If the two land-victories of Sparta were barren of results, the case was far otherwise with her naval defeat at Cnidus. That defeat was pregnant with consequences following in rapid succession, and of the most disastrous character. As with Athens at Ægospotami—the loss of her fleet, serious as that was, served only as the signal for countless following losses. Pharnabazus and Conon, with their victorious fleet, sailed from island to island, and from one continental seaport to another, in the Ægean, to expel the Lacedæmonian harmosts, and terminate the empire of Sparta. So universal was the odium which it had inspired, that the task was found easy beyond expectation. Conscious of their unpopularity, the harmosts in almost all the towns, on both sides of the Hellespont, deserted their posts and fled, on the mere news of the battle of Cnidus. Everywhere Pharnabazus and Conon found themselves received as liberators, and welcomed with presents of hospitality. They pledged themselves not to introduce any foreign force or governor, nor to fortify any separate citadel, but to guarantee to each city its own genuine autonomy. This policy was adopted by Pharnabazus at the urgent representation of Conon, who warned him that if he manifested any design of reducing the cities to subjection, he would find them all his enemies; that each of them severally would cost him a long siege; and that a combination would ultimately be formed against him. Such liberal and judicious ideas, when seen to be sincerely acted upon, produced a strong feeling of friendship and even of gratitude, so that the Lacedæmonian maritime empire was dissolved without a blow, by the almost spontaneous movements of the cities themselves. Though the victorious fleet presented itself in many different places, it was nowhere called upon to put down resistance, or to undertake a single siege. Cos, Nisyrus, Teos, Chios, Erythræ, Ephesus, Mytilene, Samos, all declared themselves independent, under the protection of the new conquerors. Pharnabazus presently disembarked at Ephesus and marched by land northward to his own satrapy, leaving a fleet of forty triremes under the command of Conon.
[394-393 B.C.]
To this general burst of anti-Spartan feeling, Abydos, on the Asiatic side of the Hellespont, formed the solitary exception; and it happened by a fortunate accident for Sparta that the able and experienced Dercyllidas was harmost in the town at the moment of the battle of Cnidus. Dercyllidas assembled the Abydenes, heartened them up against the reigning contagion, and exhorted them to earn the gratitude of Sparta by remaining faithful to her while others were falling off; assuring them that she would still be found capable of giving them protection. His exhortations were listened to with favour. Abydos remained attached to Sparta, was put in a good state of defence, and became the only harbour of safety for the fugitive harmosts out of the other cities, Asiatic and European.
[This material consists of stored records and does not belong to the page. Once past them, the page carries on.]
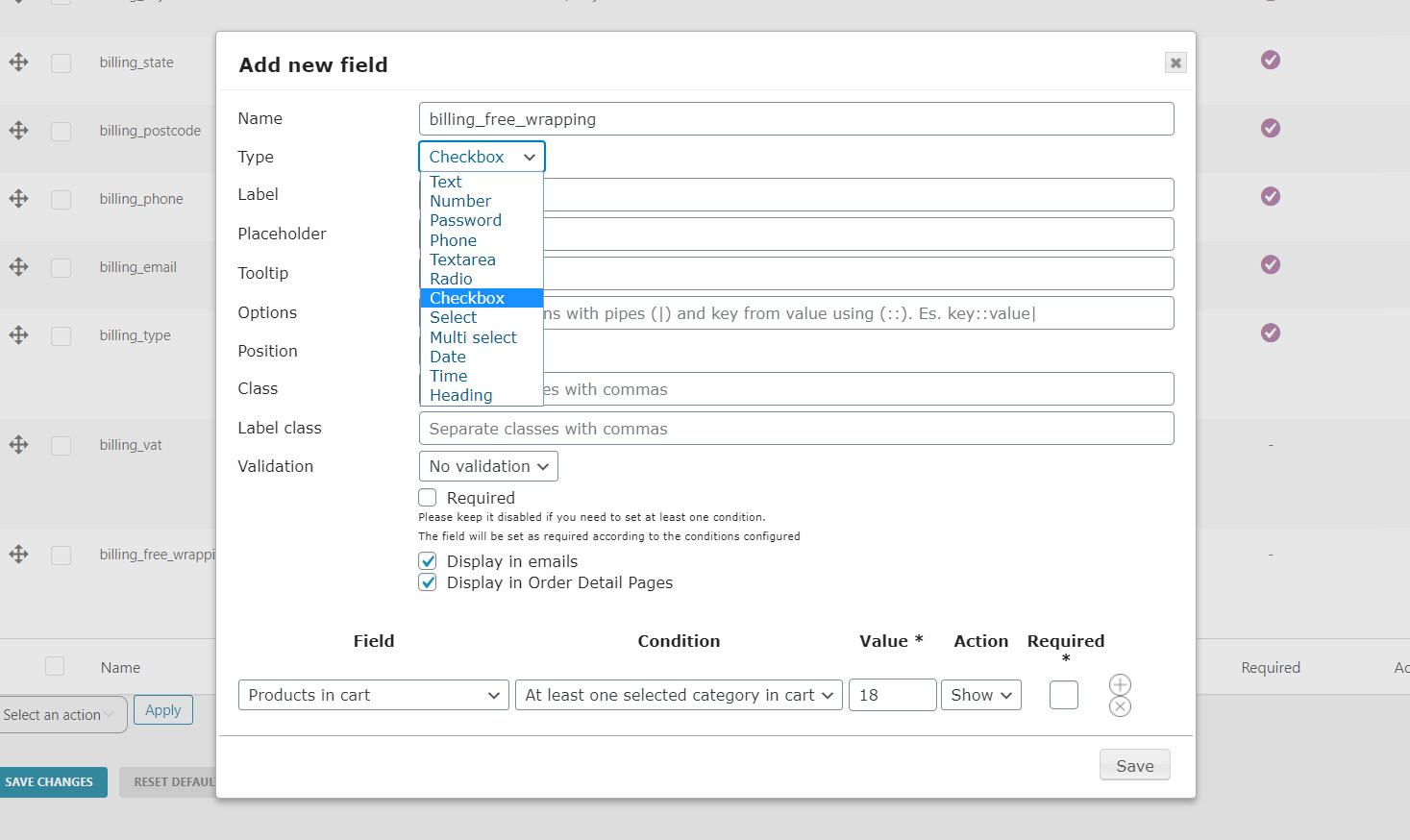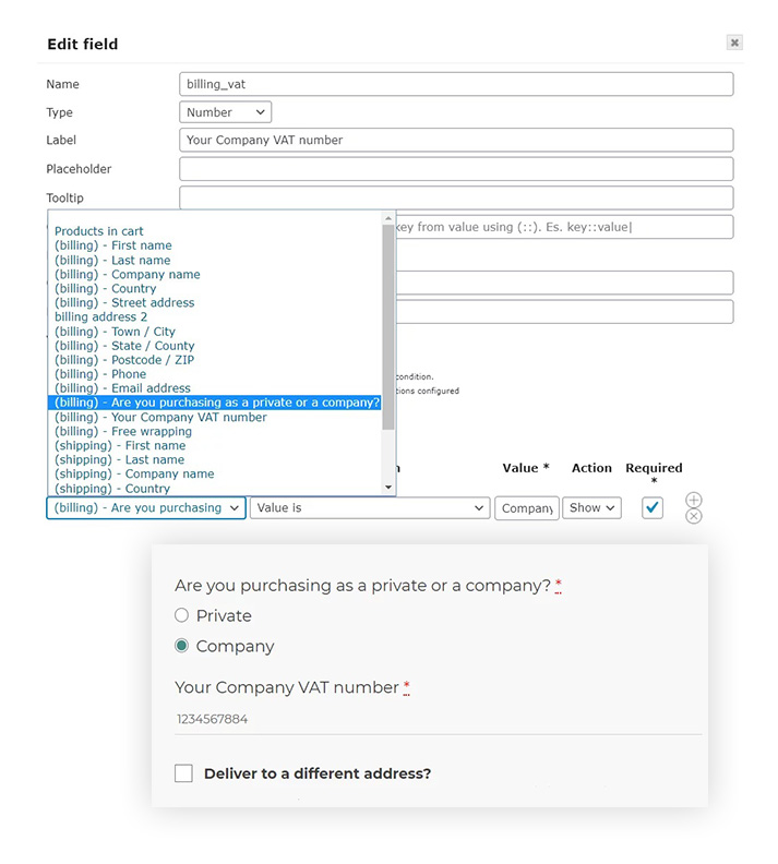 Mostra o nascondi alcuni dei campi in base ai prodotti o le categorie nel carrello oppure in base a cosa l’utente ha selezionato in altri campi del checkout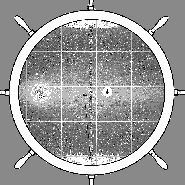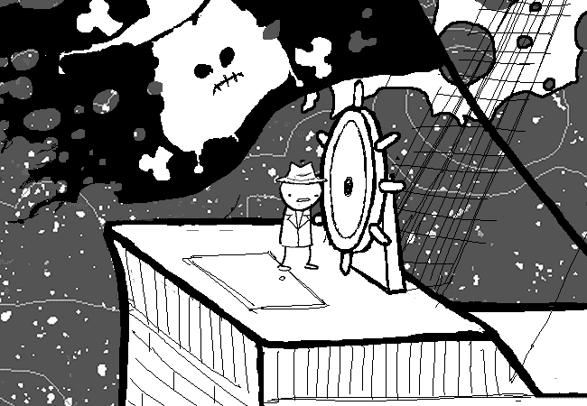 Problem Sleuth mans the wheel for no very good reason since it doesn't actually serve any purpose in steering the ship. Still, maintaining appearance of command over the vessel is good for morale.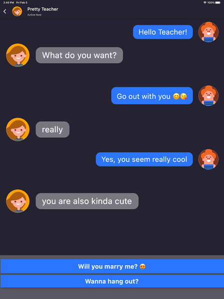You won't regret trying it text pranks out, having fun with this text-based humorous game, and learning how to pull off practical jokes! Select your narrative, download Chat Master: Prank Text right away, and finish all of the amusing discussions and challenges. Remember to let us know what you think about text pranks and these texting jokes by leaving a comment below. Your comments are incredibly helpful and enable us to produce more conversation games of the highest calibre. Enjoy, and thanks for downloading this Prank Chat Scary Teacher Fun!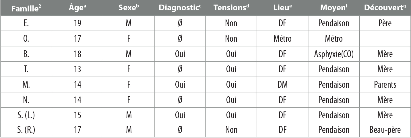 Tableau 1 : Description succincte des adolescents et de leur suicide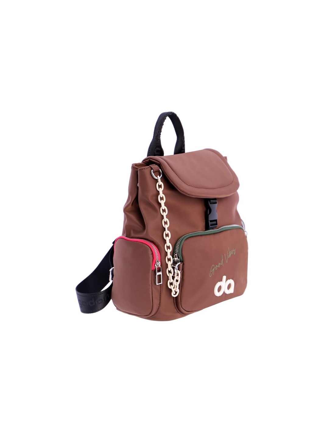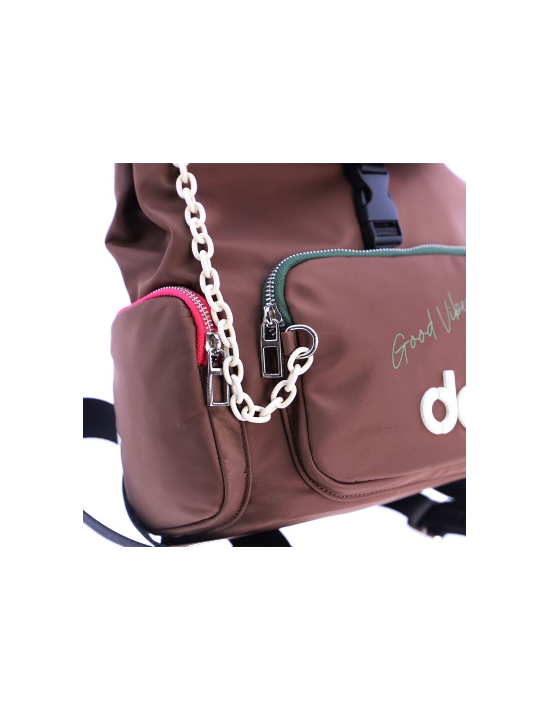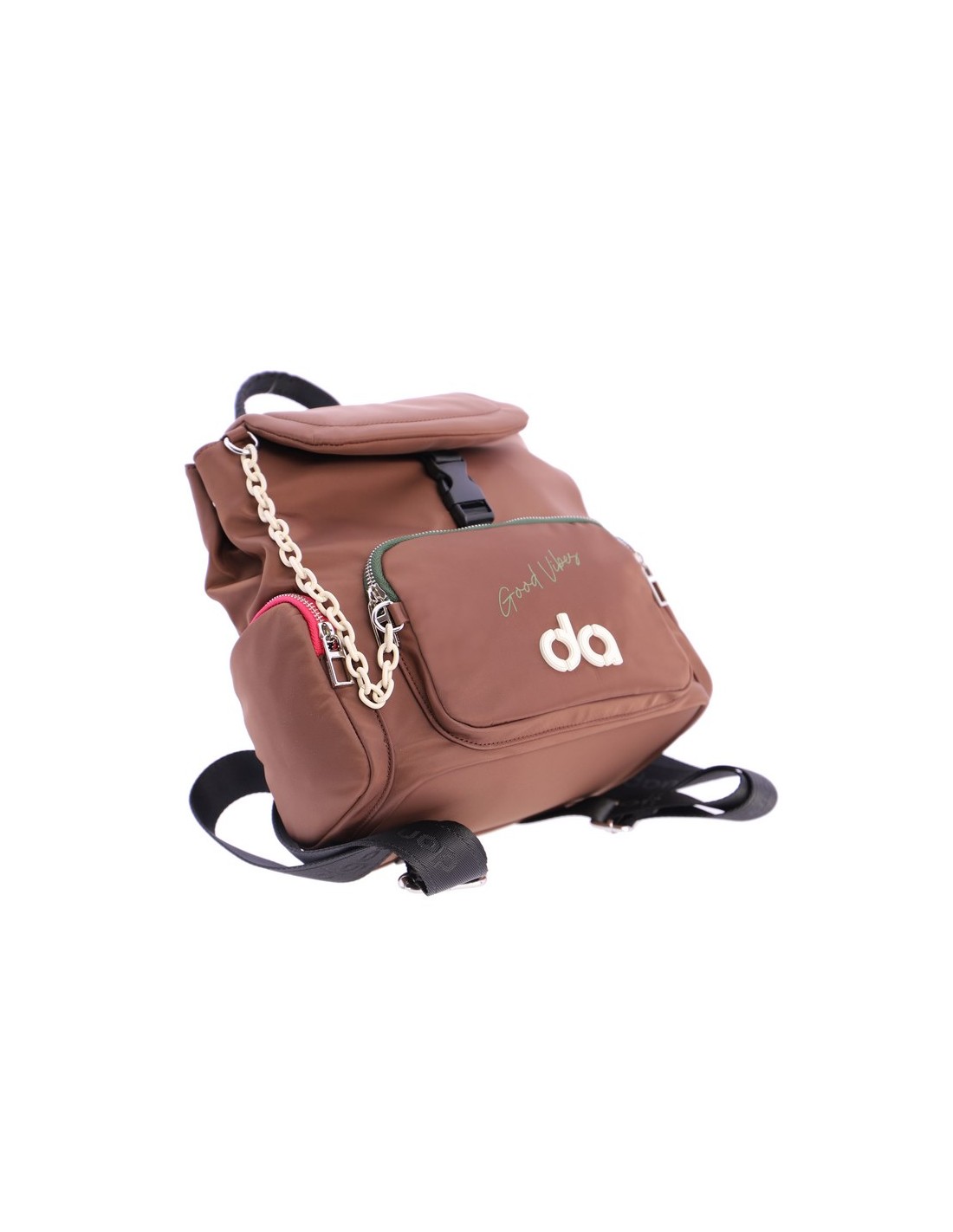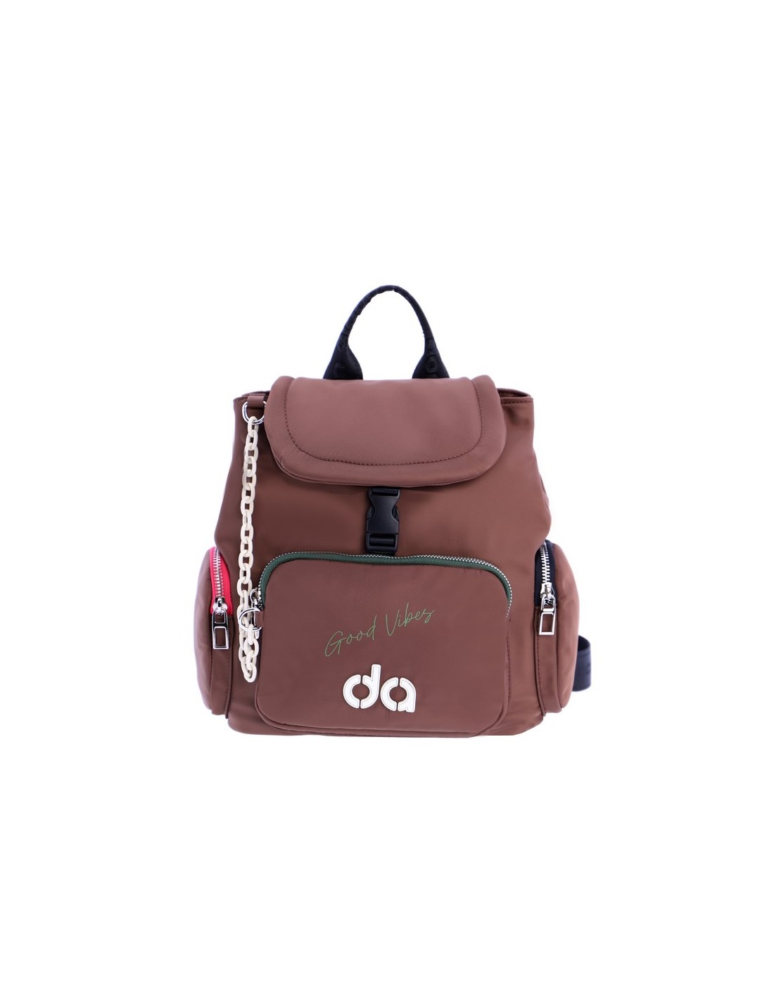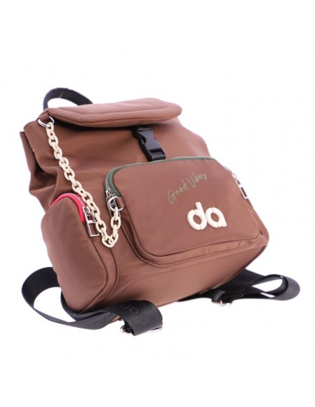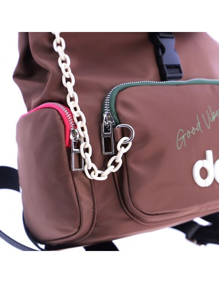 El material de nylon de la mochila para mujer Don Algodón Bolonia destaca por su durabilidad y resistencia, con el detalle especial de su logotipo en relieve y la frase "good vibes".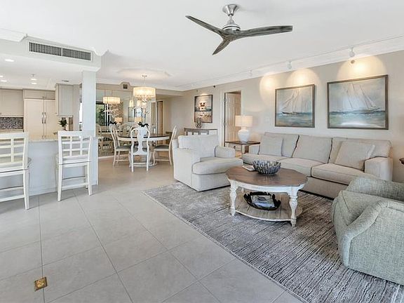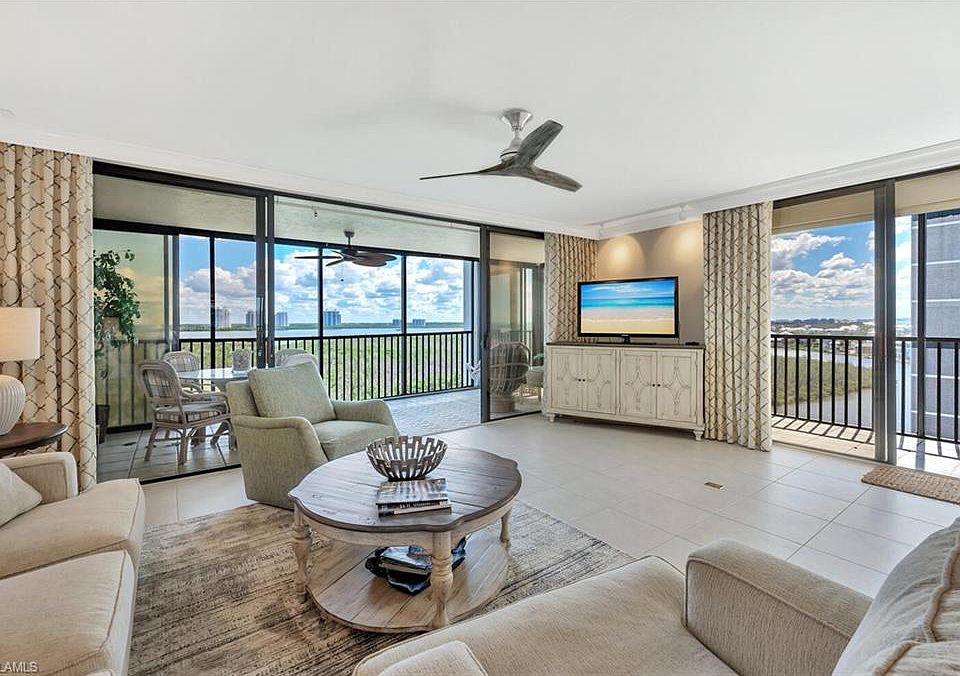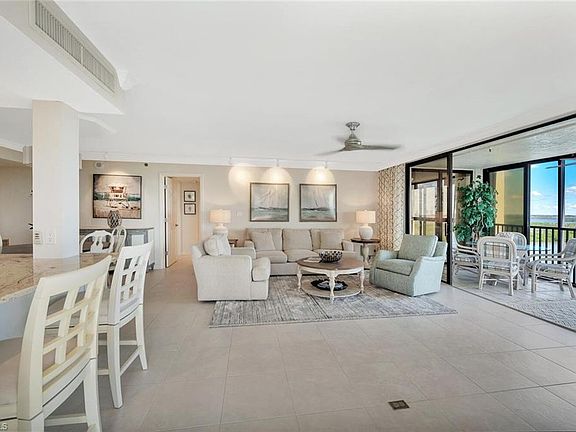 This rare 10th-floor residence is truly a "10." Showcasing panoramic views of Estero Bay, the Gulf, and the lush mangrove estuaries beyond. Begin your day with breathtaking sunrises over the bay and end it with spectacular Gulf sunsets from your wrap around lanai, complete with custom roll-down shades for comfort and privacy. Beautifully remodeled, the. condominium boasts porcelain tile flooring, granite countertops, a reverse osmosis. water system, slow-close cabinetry, and custom-paneled Kitchen Aide appliances. Crown moulding and neutral tones enhance the light, airy feel, while floor-to-ceiling windows frame the captivating views. Thoughtfully maintained with a new water heater (2025), washer/dryer (2022), air conditioner (2020) and power hurricane shutters, this home also features a deeded undercover parking space. Residents of Bay Harbor Club enjoy resort -style amenities including pool, spa, tennis, pickleball, clubhouse & private beach access with boat docks available for lease. Whether as a year-round residence or seasonal retreat, this exquisite property offers the very best of Florida's coastal lifestyle: luxury, and timeless waterfront beauty.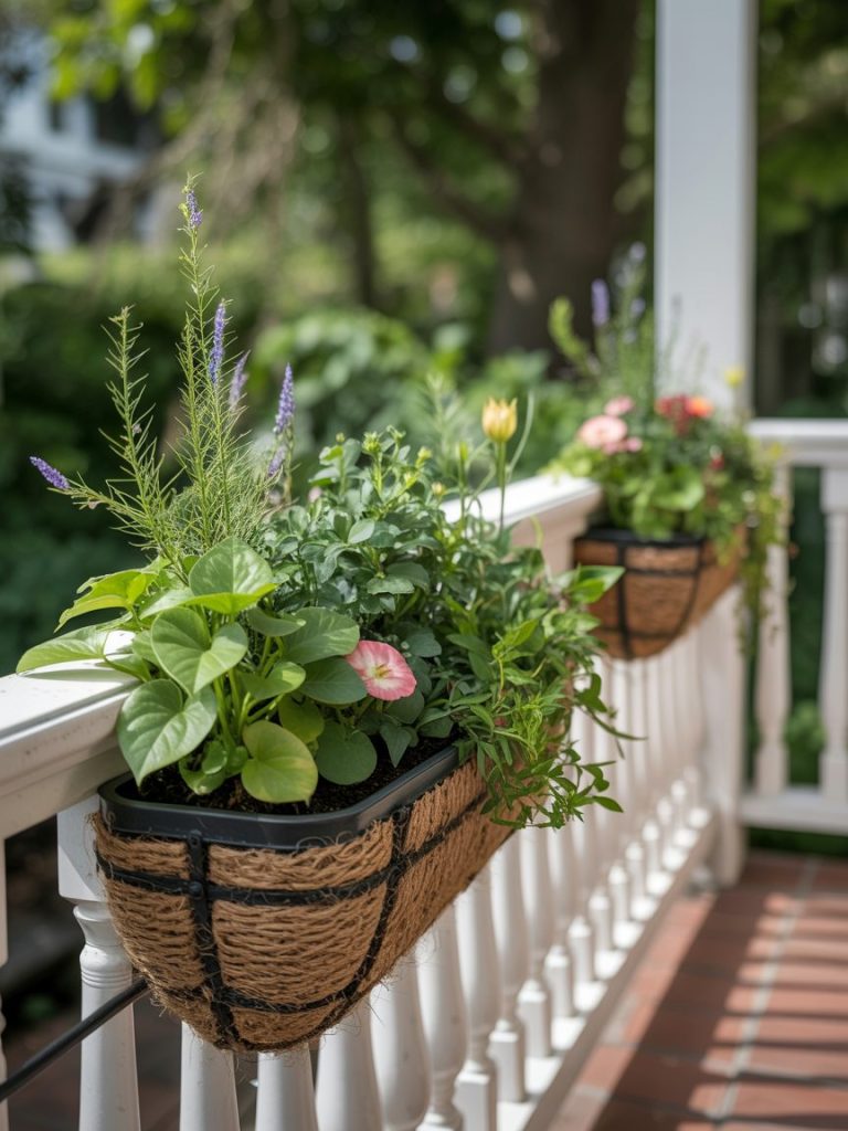 Adding slim planter boxes directly to your railing brings life right to eye level. Herbs, trailing ivy, or small flowers all work beautifully. Don’t overcrowd — plants need breathing space too.
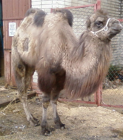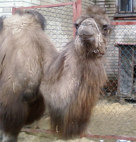 В среду меня не было в конюшне, приезжаю туда в четверг и вижу, что привезли верблюда! (Ходили слухи, что за ним поехали, но я почему-то не поверила). Верблюд (точнее верблюдиха) стояла в деннике, который поставили в углу крытого манежа. Никогда так близко я верблюда не видела, почему-то первым возник вопрос – «А она не плюется?...». Верблюдихе всего 2 года, она ужасно лохматая и худая, с двумя горбами.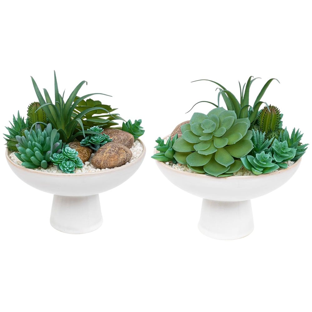 Artificial plant, in pot, Soleya, ceramic/plastic, white/green, Ø19xH20 cm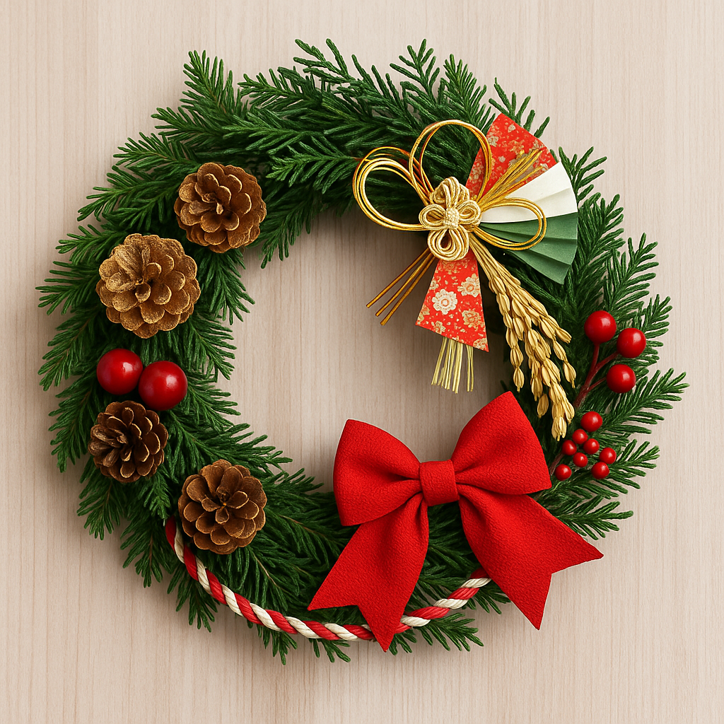 実は、少し手を加えるだけで クリスマスリースをお正月飾りにリメイク できるんです。新しい正月飾りを買わずに手持ちのリースを活用すれば、節約・エコ・オリジナリティの三拍子がそろったお正月準備が叶います。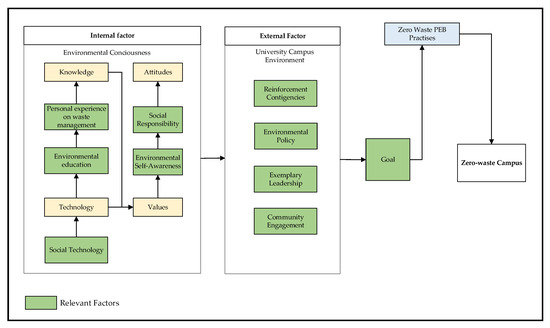 Ten relevant factors influencing a community’s sustainable pro-environmental behaviour towards a zero-waste campus have been identified and incorporated into the Zero-Waste Campus Framework, which was proposed in a previous paper for this research [19]. The proposed framework will be tested and verified further in this paper using the survey results. The relationships between knowledge, attitudes, values, and technology with zero-waste PEB practises are validated.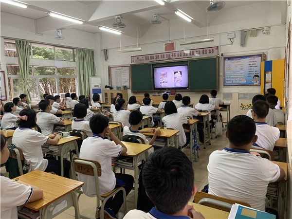 为进一步提高广大青少年抵制毒品侵害的能力,积极推进禁毒宣传教育进校园工作,9月14日下午,南朗镇云衢中学开展了一场禁毒教育专题讲座,全校各班班主任组织学生在教室通过校园电视台观看此次讲座。讲座由中山市公安局禁毒支队高警官主讲。中山市臻善社会工作服务社社工也来到该校协助开展此次禁毒宣传活动。

Dercyllidas maintained his position effectively both at Abydos and at Sestos; defying the requisition of Pharnabazus that he should forthwith evacuate them. The satrap threatened war, and actually ravaged the lands round Abydos; but without any result. His wrath against the Lacedæmonians, already considerable, was so aggravated by disappointment when he found that he could not yet expel them from his satrapy, that he resolved to act against them with increased energy, and even to strike a blow at them near their own home. For this purpose he transmitted orders to Conon to prepare a commanding naval force for the ensuing spring, and in the meantime to keep both Abydos and Sestos under blockade.